Zweers et al.27 investigated five patients with clEDS and histological investigations reported “gross abnormalities of the elastic fibers and microfibrils in the dermis of these patients and reduced dermal collagen content.... At the ultrastructural level, irregular and immature elastin fibers and fibers devoid of microfibrils were observed.” These findings suggested that “both elastic fiber abnormalities and reduced collagen content contribute to the clinical features seen in patients with clEDS.” There were no consistent electron microscopy (EM) findings in the ten patients in our cohort who had EM performed. Five patients had no abnormalities and in two patients, collagen flowers were noted. These are seen in several other types of EDS as well, typically in classical EDS.16 Interestingly, one patient had some abnormal changes in the elastic fibers and another patient had some excess of elastic fibers.

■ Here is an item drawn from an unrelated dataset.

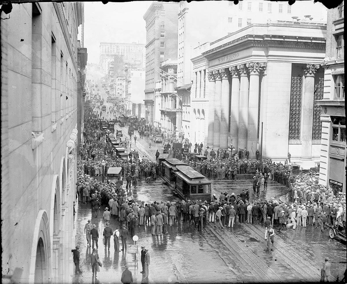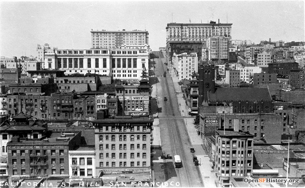 It was a little before 9:00 a.m., the start of the workday. The streets were buzzing with people who were hustling up and down and across California Street on their way to the offices of shipping lines, banks, and insurance companies in the Financial District.

clEDS is caused by homozygous or compound heterozygous pathogenic variants in the TNXB gene, which leads to nonsense-mediated mRNA decay of TNXB and result in complete absence of TN-X or in misfolding of the protein8. We noted considerable genetic heterogeneity in our cohort with 16 different pathogenic variants identified of which 11 have not been reported previously (Fig. 2). Pathogenic variants derived from gene conversion events with the TNXA pseudogene were most commonly identified, namely c.12174C>G; p.(Cys4058Trp) (14 alleles), pathogenic deletion including exon 35 (c.11381-?_11524+?del) (9 alleles), and c.11431-?_12725+?del (3 alleles). We assume that the exon 35 deletions with notation c.11381-?_11524+?del, detected via MLPA, and the c.11435_11524+30del variant, detected via NGS,8 are likely the same variant. The frequency of the exon 35 deletion and the p.(Cys4058Trp) variant are comparable in our patients and the patients reported by Demirdas et al.8 The exact pathogenic mechanism of the p.(Cys4058Trp) is currently unknown but the variant affects a cysteine residue that is predicted to form a disulfide bond, stabilizing tertiary protein structure.8 It seems, reviewing the published literature and the LOVD (www.lovd.nl), and HGMD (www.hgmd.cf.ac.uk) databases, that clEDS is often caused by gene conversion events and this is the most common recurrent mechanism of pathogenicity. No genotype–phenotype correlation was observed in our patients.

Conclusion

Currently, 31 patients with clEDS due to tenascin-X deficiency have been reported. Here we report on 20 patients who fulfill the new diagnostic criteria for clEDS and have a molecular diagnosis of clEDS. This increases the number of reported cases from 31 to 51 and broadens the phenotype of this condition, especially with the observation of tissue fragility of the gastrointestinal tract. We propose a predisposition to tissue fragility in patients with clEDS, in particular of the gastrointestinal tract and emphasize the importance of counseling with regard to the risk of gastrointestinal complications. We suggest caution when considering invasive gastrointestinal procedures and to avoid these interventions if possible. We recommend careful selection of analgesic medication in view of elevated risks of diverticulitis and diverticular bleeding in users of aspirin or NSAIDs. We advise carrying a medic alert card with information about clEDS including reported gastrointestinal fragility. We recommend following up these patients closely to develop better recommendations for management based on long-term outcome data for example by cardiovascular screening every 2–5 years and assessments of quality of life by questionnaires. Given the high frequency of musculoskeletal problems in individuals with clEDS (Supplementary Table 1), we propose that coordination of care and follow-up for patients with clEDS lie with (pediatric) rheumatology and if available with specialized Ehlers–Danlos services.